Start of Recorded data
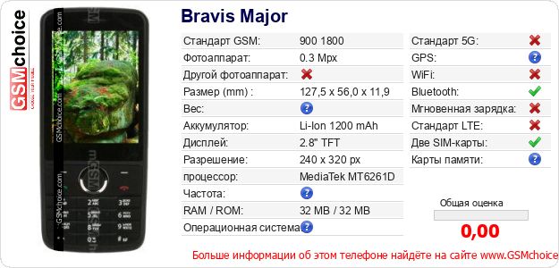 У Тебя есть свой сайт? Хочешь где-то разместить информацию о базовых данных мобильника Bravis Major ? Это запросто устроить. Достаточно скачать картинку или скопировать и разместить на соответствующем сайте нижерасположенный код:Размещение этого кода вызовет появление нижерасположенной картинки:
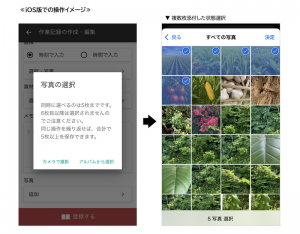 今回のアップデートにより、アプリからの記録作成時に複数の画像をまとめて添付できるようになりました。
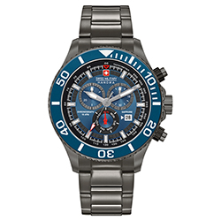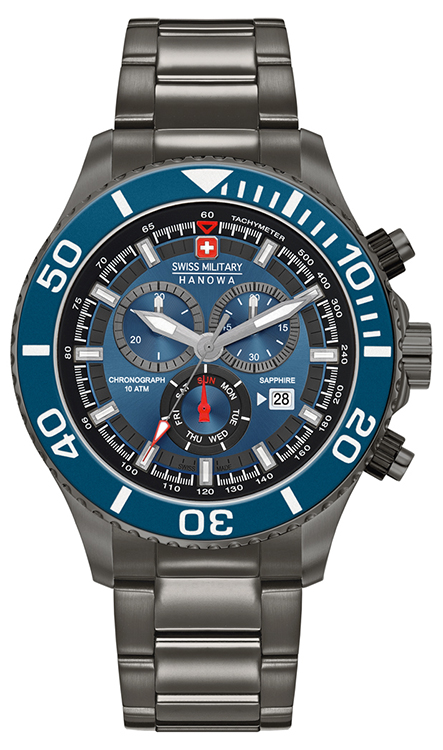 - Swiss Military Hanowa Immersion Chrono 06-5226.30.003: корпус с ионным покрытием цвета оружейной стали, синий безель, синий циферблат, браслет с ионным покрытием цвета оружейной стали.
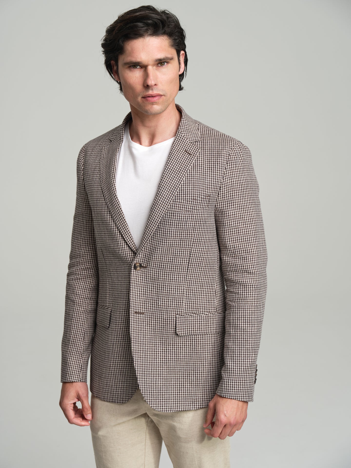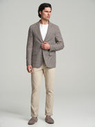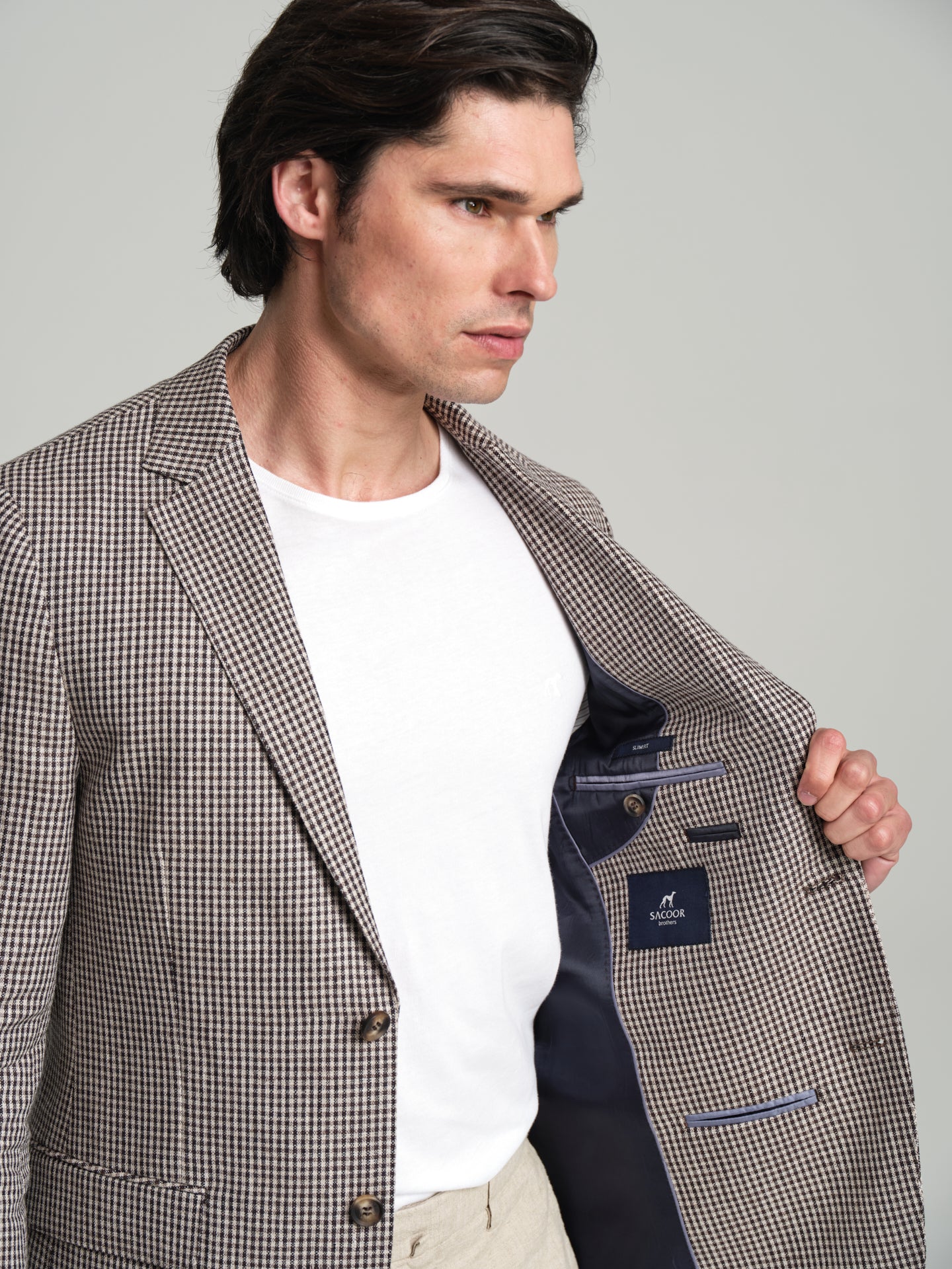 The men's suits from Sacoor Brothers are available with 'Drop 5' and 'Drop 6'. This designation refers to the difference between the blazer size and the trouser size. When ordering a size 46 with 'Drop 5', the trousers will be around size 41, while 'Drop 6' will result in trousers of size 40.
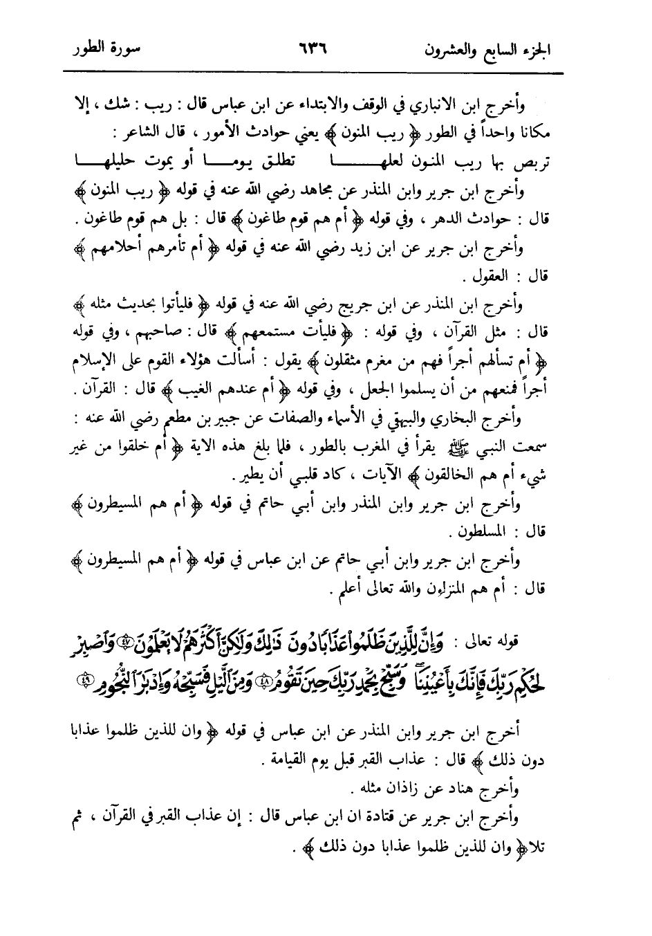 وَأخرج ابْن الْأَنْبَارِي فِي الْوَقْت والابتداء عَن ابْن عَبَّاس قَالَ: ريب: شكّ إِلَّا مَكَانا وَاحِدًا فِي الطّور {ريب الْمنون} يَعْنِي حوادث الْأُمُور قَالَ الشَّاعِر: تربص بهَا ريب الْمنون لَعَلَّهَا تطلق يَوْمًا أَو يَمُوت حَلِيلهَا وَأخرج ابْن جرير وَابْن الْمُنْذر عَن مُجَاهِد رَضِي الله عَنهُ فِي قَوْله {ريب الْمنون} قَالَ: حوادث الدَّهْر وَفِي قَوْله {أم هم قوم طاغون} قَالَ: بل هم قوم طاغون
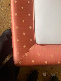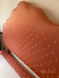 Vendesi elegante struttura per letto matrimoniale in stile classico, composta da un'ampia testata sagomata e giroletto coordinato. Il letto è interamente imbottito e rivestito in un pregiato tessuto damascato color rosa pesca/antico, impreziosito da delicati ricami dorati a contrasto.
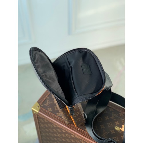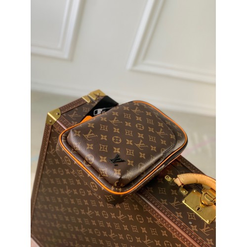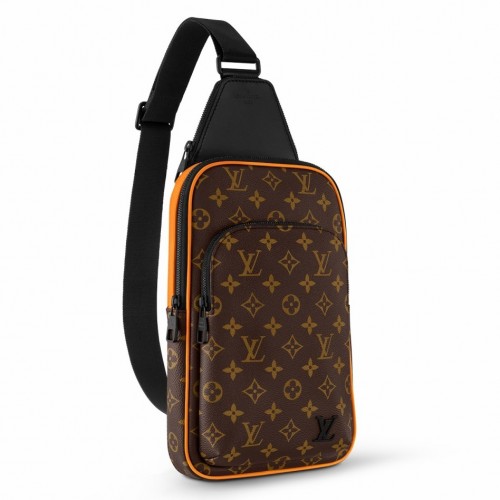 Made from Monogram Macassar canvas with saffron-orange leather piping, the Avenue Slingbag is a up-to-the-minute way to transport everyday necessities. The adjustable strap can be attached to the right or left side of the bag, giving carry options. There's a useful small zipped pocket at the top where the strap joins the bag.
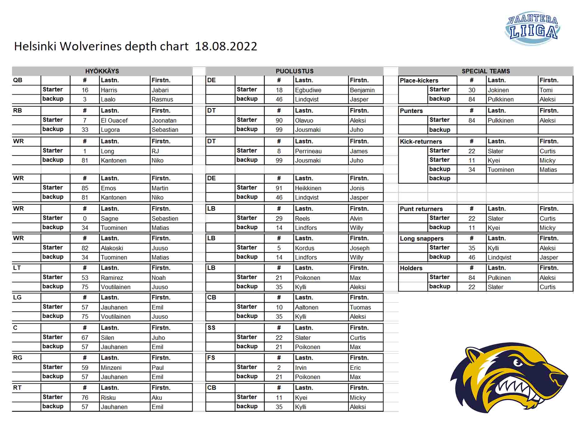 Helsinki Wolverines lähtee runkosarjan viimeiseen kotipeliinsä 35 miehen rosterilla. Rosterista puuttuvat mm. yhdysvaltalainen takapuolustaja Darius Lewis sekä keskushyökkääjä William Young. Joukkueelta löytyy kuitenkin reservistä korvaavia miehiä ja torstaina Wolverines-puolustuksessa pelaa kaksi yhdysvaltalaista tukimiestä, Joseph Kordus ja Alvin Reels.
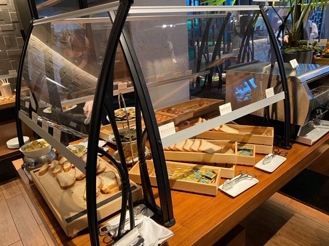 コロナ禍で朝食ビュッフェをお休みされていたそうですが、なんと、ヒサシールドの設置によりビュッフェ形式のお食事サービスが復活されました!
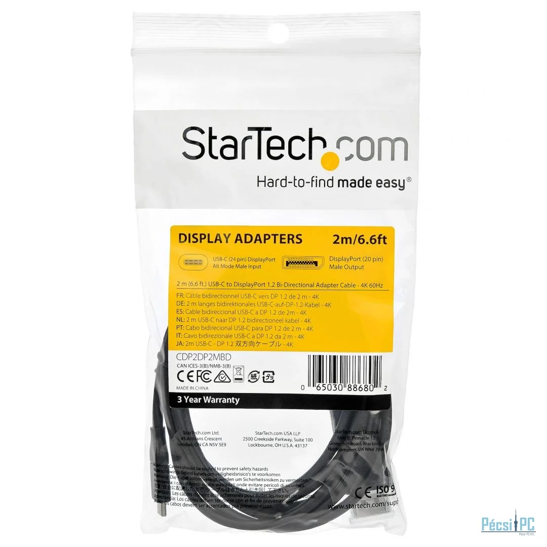 Startech USB-C to DisplayPort 1.2 4K 60Hz cable 2m Black
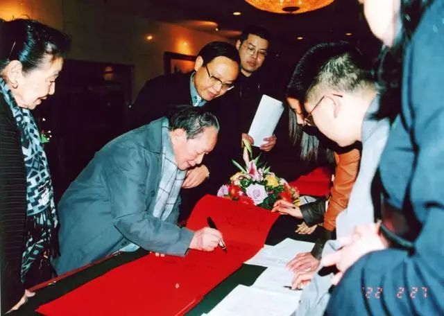 ▲ 2002年,黄永玉先生邀请黄苗子(左二)、郁凤(左一)夫妇等老友参加在北京香格里拉酒店举办的凤凰国家级历史文化名城新闻发布会,作者(左三)迎接黄苗子签到
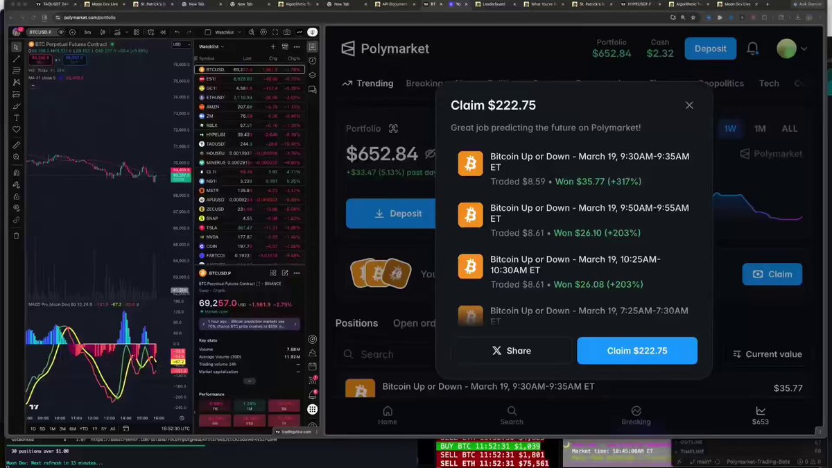 Demonstrates an automated trading setup using Claude Code, OpenClaw, and Polymarket to generate week
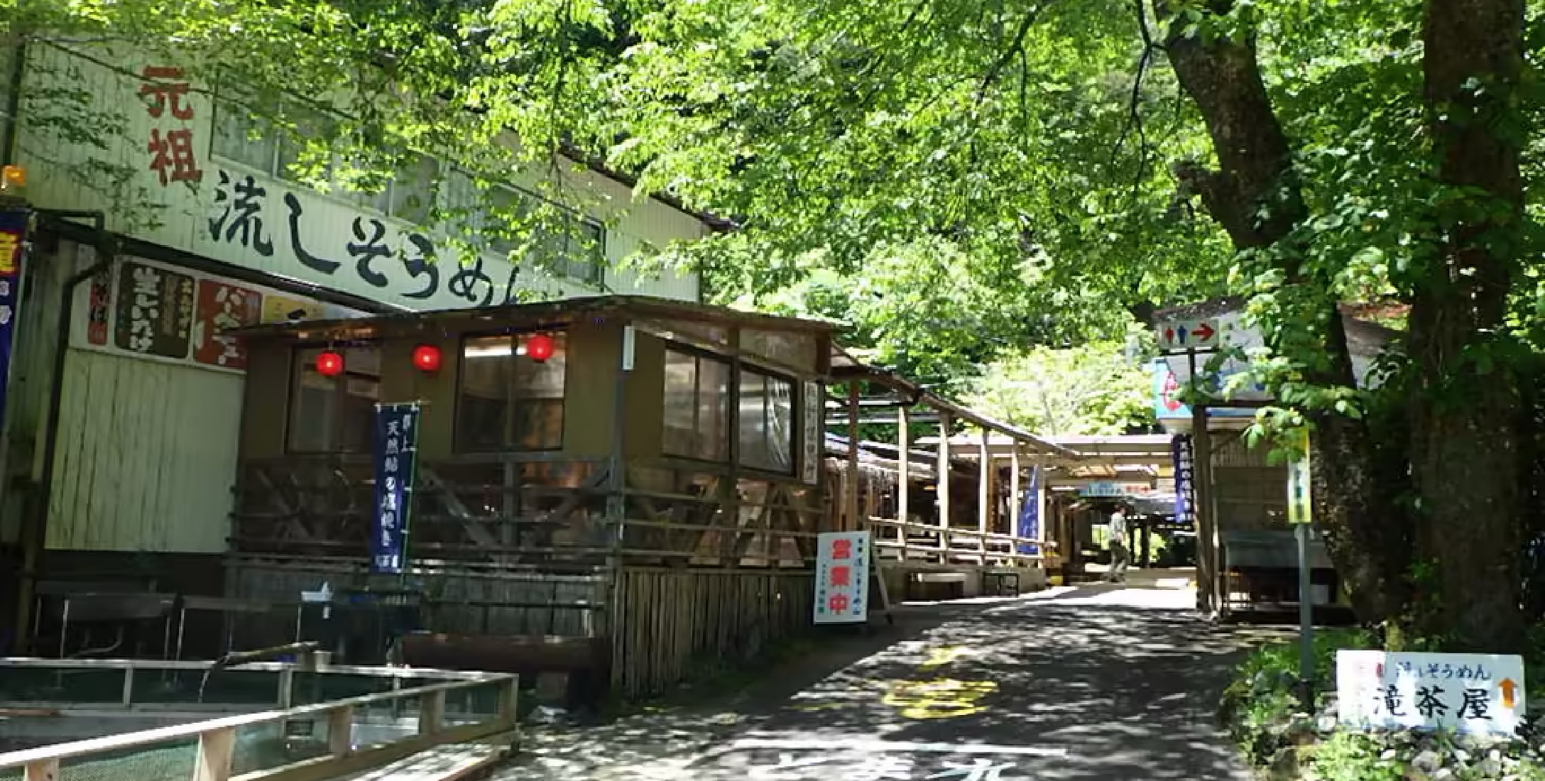 Enjoy nagashi-somen (flowing noodles) and fishing in a natural setting, surrounded by negative ions at Kamagataki Waterfall. BBQ is also available. Nagashi-somen is served year-round.
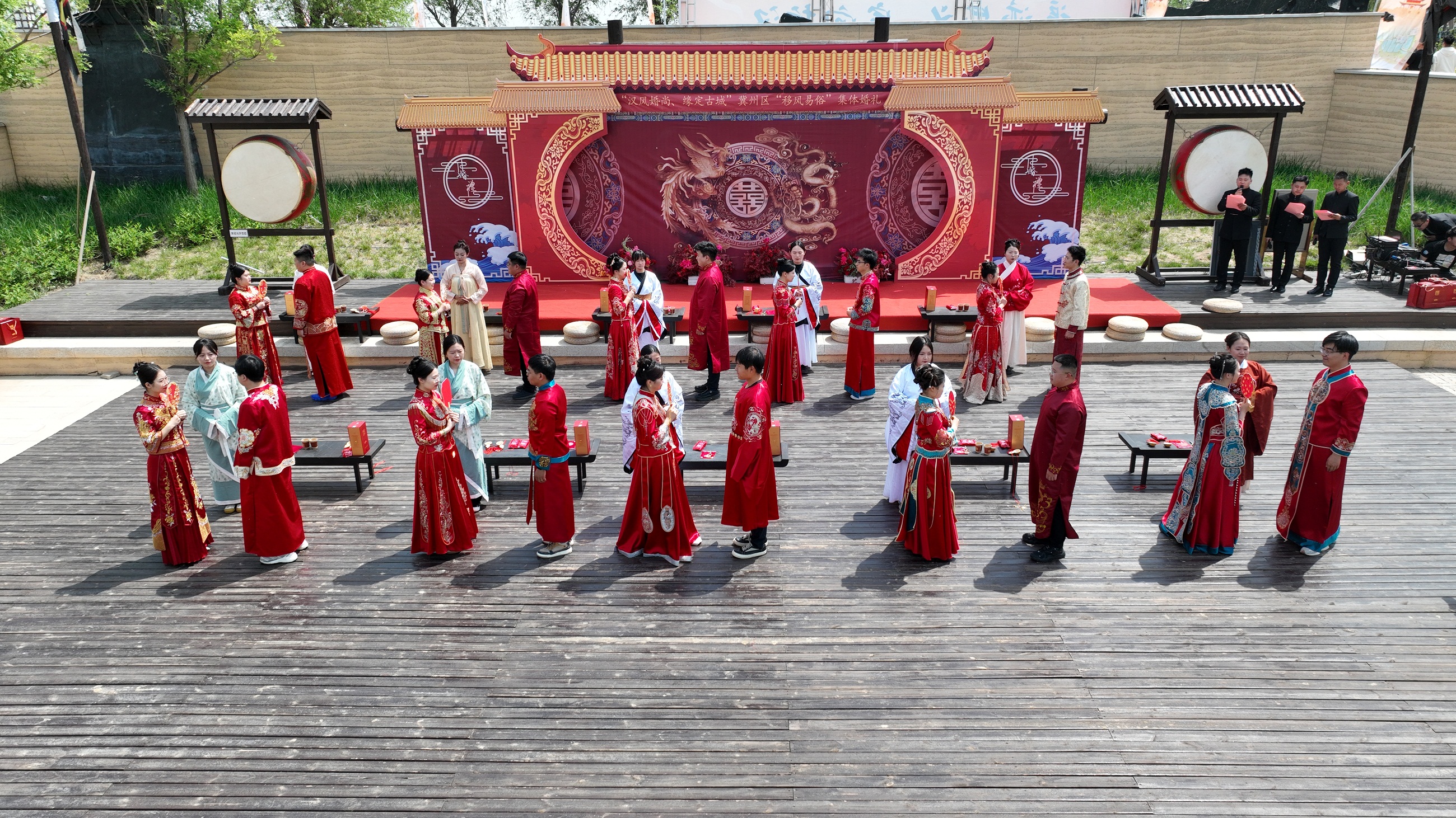5月2日,冀州区古城遗址公园内,红绸轻舞、古乐悠扬。一场别具特色的“汉风婚尚 缘定古城”集体婚礼在此浪漫举行。10对新人身着华美汉服,在千年古城遗址的见证下,以传统汉式婚礼喜结连理,用文明简约的方式演绎爱情誓言,践行移风易俗新风尚。
End of Recorded data
Copy out every entry above word for word; omit the images.

_Task output_
 У Тебя есть свой сайт? Хочешь где-то разместить информацию о базовых данных мобильника Bravis Major ? Это запросто устроить. Достаточно скачать картинку или скопировать и разместить на соответствующем сайте нижерасположенный код:Размещение этого кода вызовет появление нижерасположенной картинки:
 今回のアップデートにより、アプリからの記録作成時に複数の画像をまとめて添付できるようになりました。
 - Swiss Military Hanowa Immersion Chrono 06-5226.30.003: корпус с ионным покрытием цвета оружейной стали, синий безель, синий циферблат, браслет с ионным покрытием цвета оружейной стали.
 The men's suits from Sacoor Brothers are available with 'Drop 5' and 'Drop 6'. This designation refers to the difference between the blazer size and the trouser size. When ordering a size 46 with 'Drop 5', the trousers will be around size 41, while 'Drop 6' will result in trousers of size 40.
 وَأخرج ابْن الْأَنْبَارِي فِي الْوَقْت والابتداء عَن ابْن عَبَّاس قَالَ: ريب: شكّ إِلَّا مَكَانا وَاحِدًا فِي الطّور {ريب الْمنون} يَعْنِي حوادث الْأُمُور قَالَ الشَّاعِر: تربص بهَا ريب الْمنون لَعَلَّهَا تطلق يَوْمًا أَو يَمُوت حَلِيلهَا وَأخرج ابْن جرير وَابْن الْمُنْذر عَن مُجَاهِد رَضِي الله عَنهُ فِي قَوْله {ريب الْمنون} قَالَ: حوادث الدَّهْر وَفِي قَوْله {أم هم قوم طاغون} قَالَ: بل هم قوم طاغون
 Vendesi elegante struttura per letto matrimoniale in stile classico, composta da un'ampia testata sagomata e giroletto coordinato. Il letto è interamente imbottito e rivestito in un pregiato tessuto damascato color rosa pesca/antico, impreziosito da delicati ricami dorati a contrasto.
 Made from Monogram Macassar canvas with saffron-orange leather piping, the Avenue Slingbag is a up-to-the-minute way to transport everyday necessities. The adjustable strap can be attached to the right or left side of the bag, giving carry options. There's a useful small zipped pocket at the top where the strap joins the bag.
 Helsinki Wolverines lähtee runkosarjan viimeiseen kotipeliinsä 35 miehen rosterilla. Rosterista puuttuvat mm. yhdysvaltalainen takapuolustaja Darius Lewis sekä keskushyökkääjä William Young. Joukkueelta löytyy kuitenkin reservistä korvaavia miehiä ja torstaina Wolverines-puolustuksessa pelaa kaksi yhdysvaltalaista tukimiestä, Joseph Kordus ja Alvin Reels.
 コロナ禍で朝食ビュッフェをお休みされていたそうですが、なんと、ヒサシールドの設置によりビュッフェ形式のお食事サービスが復活されました!
 Startech USB-C to DisplayPort 1.2 4K 60Hz cable 2m Black
 ▲ 2002年,黄永玉先生邀请黄苗子(左二)、郁凤(左一)夫妇等老友参加在北京香格里拉酒店举办的凤凰国家级历史文化名城新闻发布会,作者(左三)迎接黄苗子签到
 Demonstrates an automated trading setup using Claude Code, OpenClaw, and Polymarket to generate week
 Enjoy nagashi-somen (flowing noodles) and fishing in a natural setting, surrounded by negative ions at Kamagataki Waterfall. BBQ is also available. Nagashi-somen is served year-round.
5月2日,冀州区古城遗址公园内,红绸轻舞、古乐悠扬。一场别具特色的“汉风婚尚 缘定古城”集体婚礼在此浪漫举行。10对新人身着华美汉服,在千年古城遗址的见证下,以传统汉式婚礼喜结连理,用文明简约的方式演绎爱情誓言,践行移风易俗新风尚。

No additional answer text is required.